Norwegian investor HitecVision launched Moreld with 3,600 employees, combined 2019 revenue of NOK 8.8 billion (€875 million), and, it claims, “core competencies and experiences” transferrable to other sectors, including offshore wind.
Moreld’s 20 constituent companies will be able to draw on larger resources and strength to execute their plans, share knowledge with each other, and become more attractive partners for customers, suppliers, and lenders, HitecVision explained.
In the past 18 months, the investor had tried and failed to sell “even well-run and profitable suppliers” due to “uncertainty around oil and gas”, so was now focusing on helping them pivot to new business areas, HitecVision explained.

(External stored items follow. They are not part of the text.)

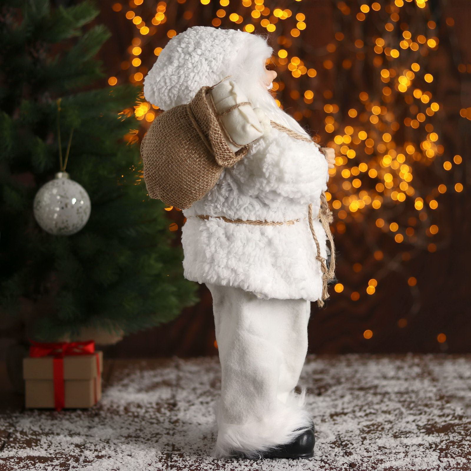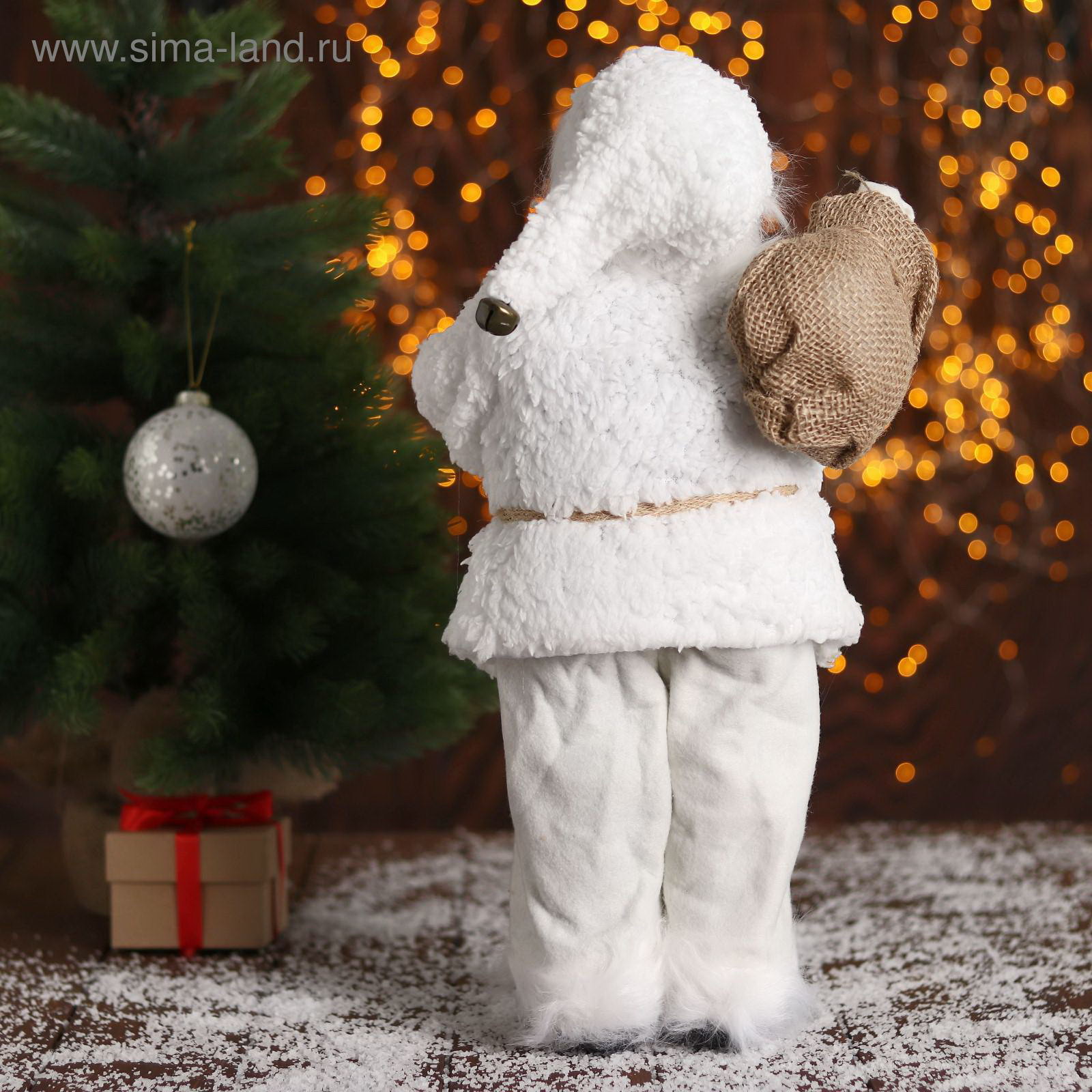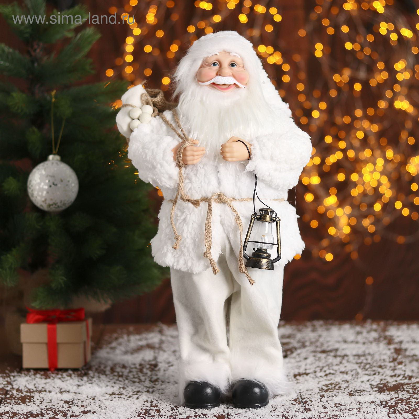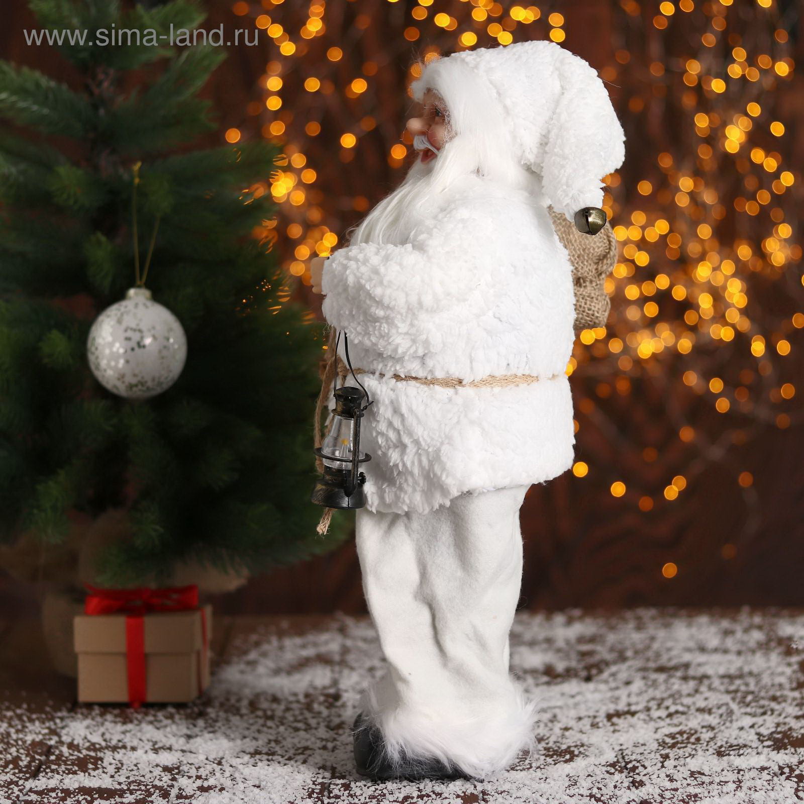 Дед Мороз "В белой шубке, с фонариком" 43 см, 43 см., Зимнее волшебство, Китай
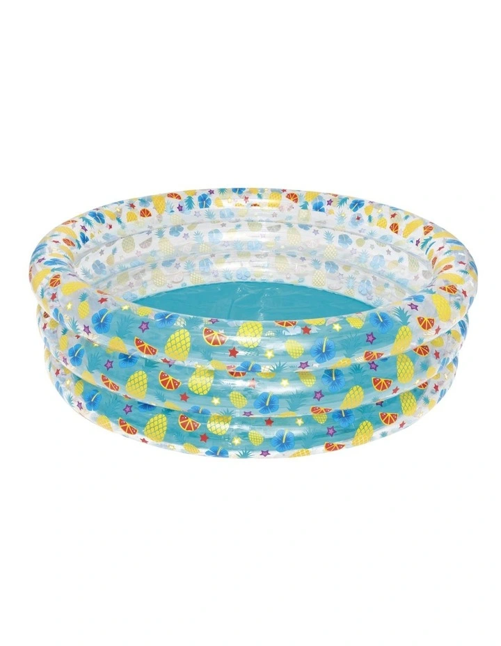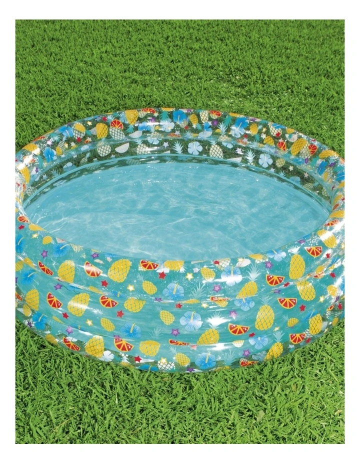 The Bestway Tropical Play Pool is an inflatable kiddie pool for families who want to enjoy the tropics all summer long. The portable pool features fruits, flowers and other items that will have you feeling like youve escaped to a tropical paradise. Get the Bestway Tropical Play Pool and create your own water paradise this season.
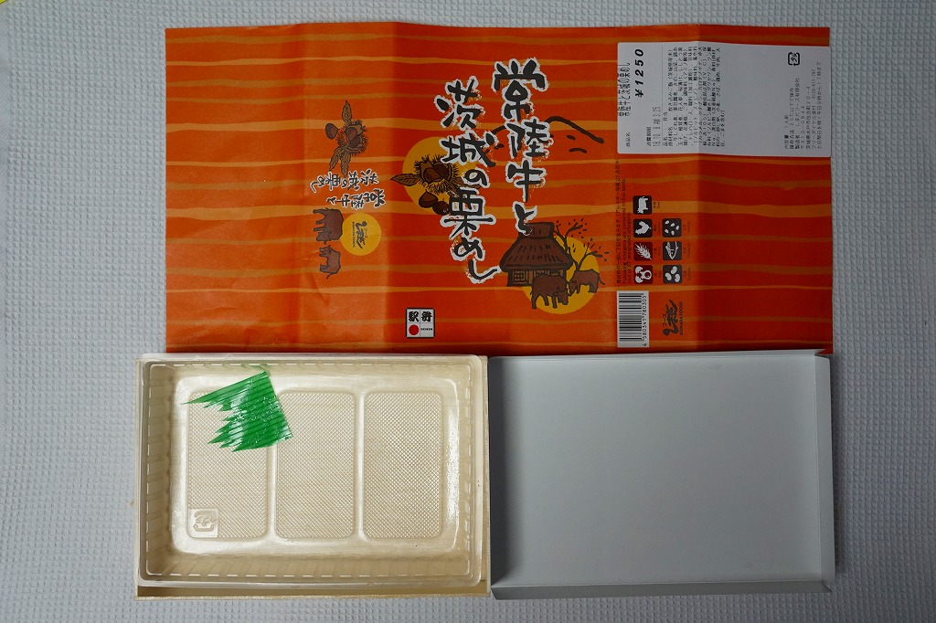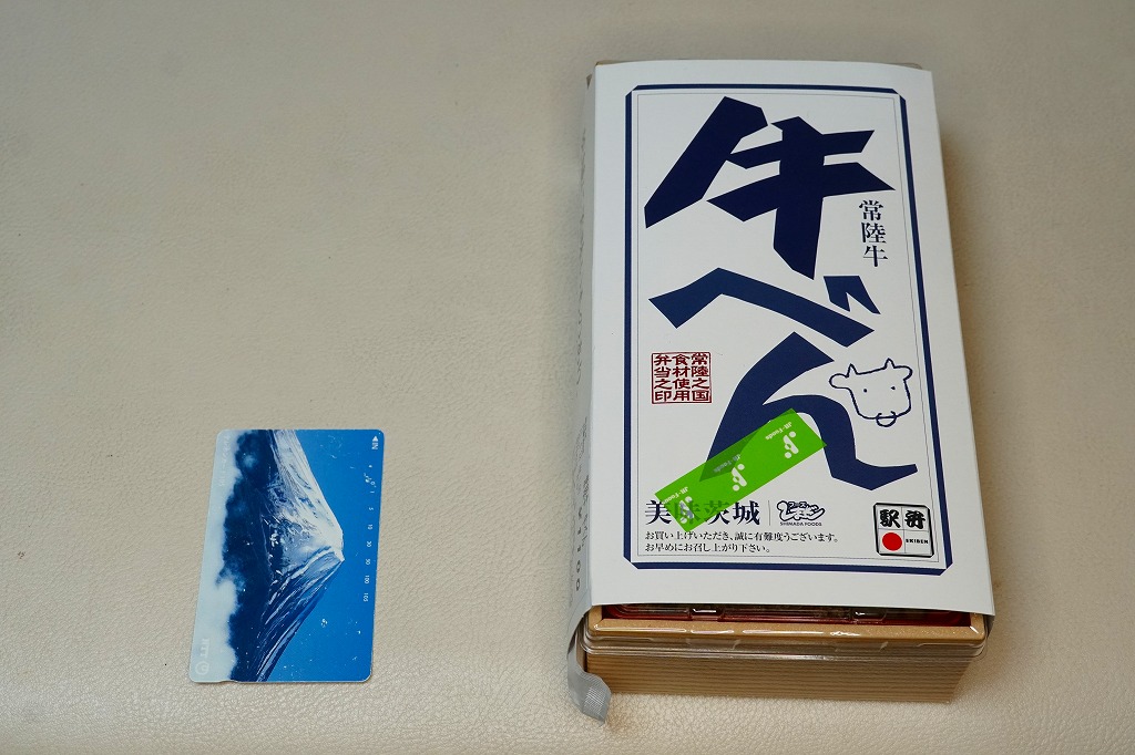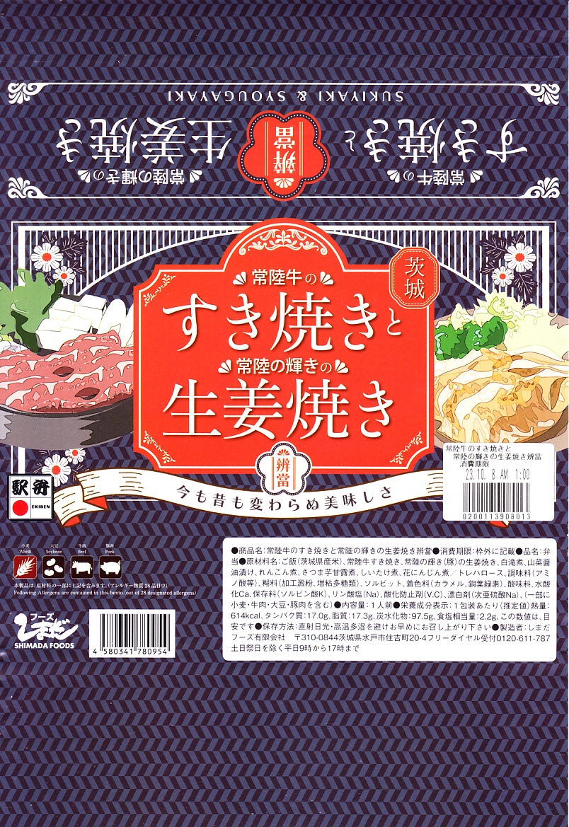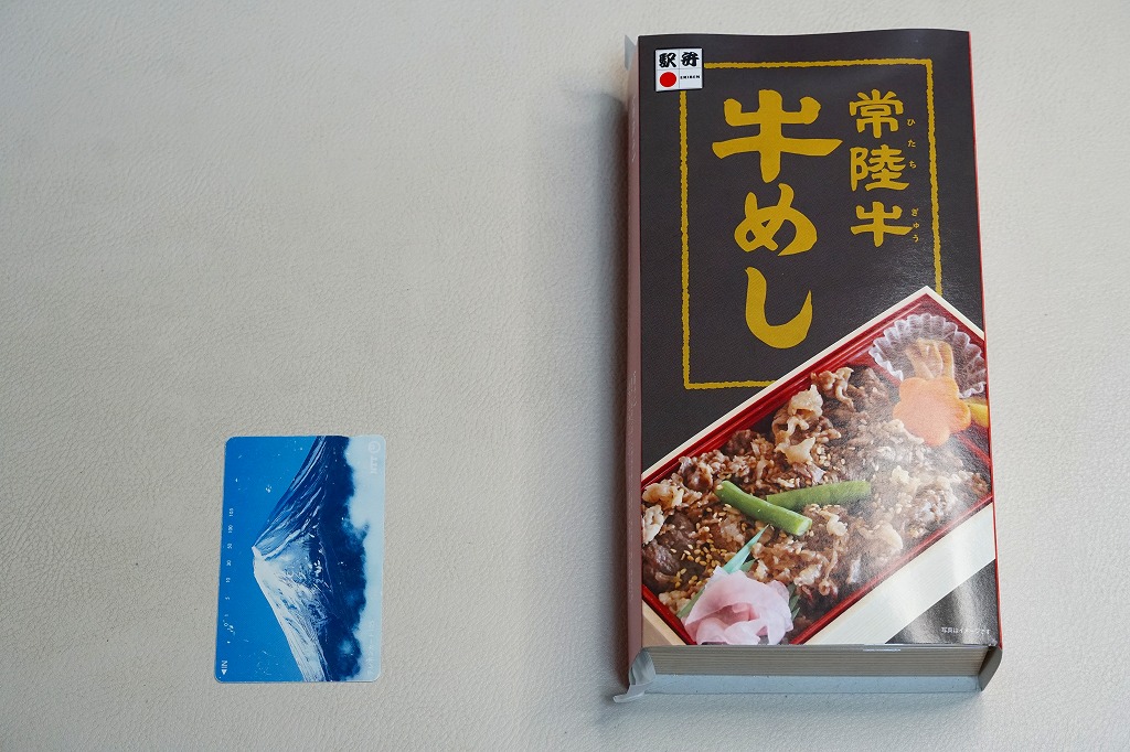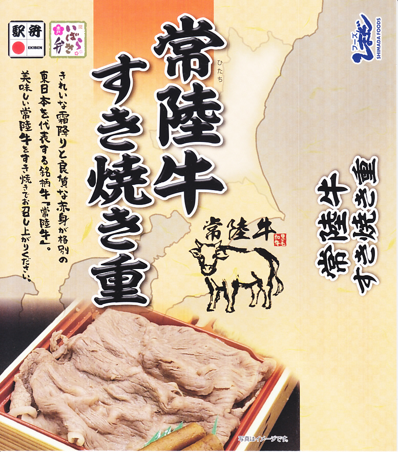 長方形のプラ容器に白飯を詰め、牛肉のすき焼きと豚肉の生姜焼きを載せ、山菜やさつまいもなどを添える。御飯は茨城県産米、牛肉は茨城県常陸牛振興協会が認定した黒毛和牛「常陸牛」、豚肉は茨城県畜産センターが開発し2018年から販売されるブランド豚「常陸の輝き」と、食材の大部分を茨城で固めたものの、いずれも一般的な食材であり、弁当にすると味の差もないので、掛紙の小さな文字を読まないと気付かないと思う。キャンペーンや現地での存在感はいかに。価格は2023年時点で1,380円、2025年時点で1,390円。

“Each of the companies will continue to operate under its existing name, but the size and financial robustness of the new group will put them in a better position to establish new business areas, jointly or individually,” HitecVision partner André Ølberg added.
The investment firm conceded that “the oil and gas sector is expected to remain the most important for the company for a long time”, but “in the longer term… less important”.
It added that offshore wind and offshore aquaculture — including fish farming — would be “among major global growth areas where these companies have unique core competencies and experience”.
HitecVision highlighted one member of Moreld, Vyrhof, which is already involved in mooring solutions and project management for floating offshore wind.
Newly appointed Moreld chief financial officer Endre Folge suggested strengths of working in a group include size, technological know-how, and health and safety practices offshore.
“Growth in the long-run will be about the transition to renewable energy resources, other sustainable use of the oceans, and making use of the companies’ broad core competencies towards other sectors,” he added.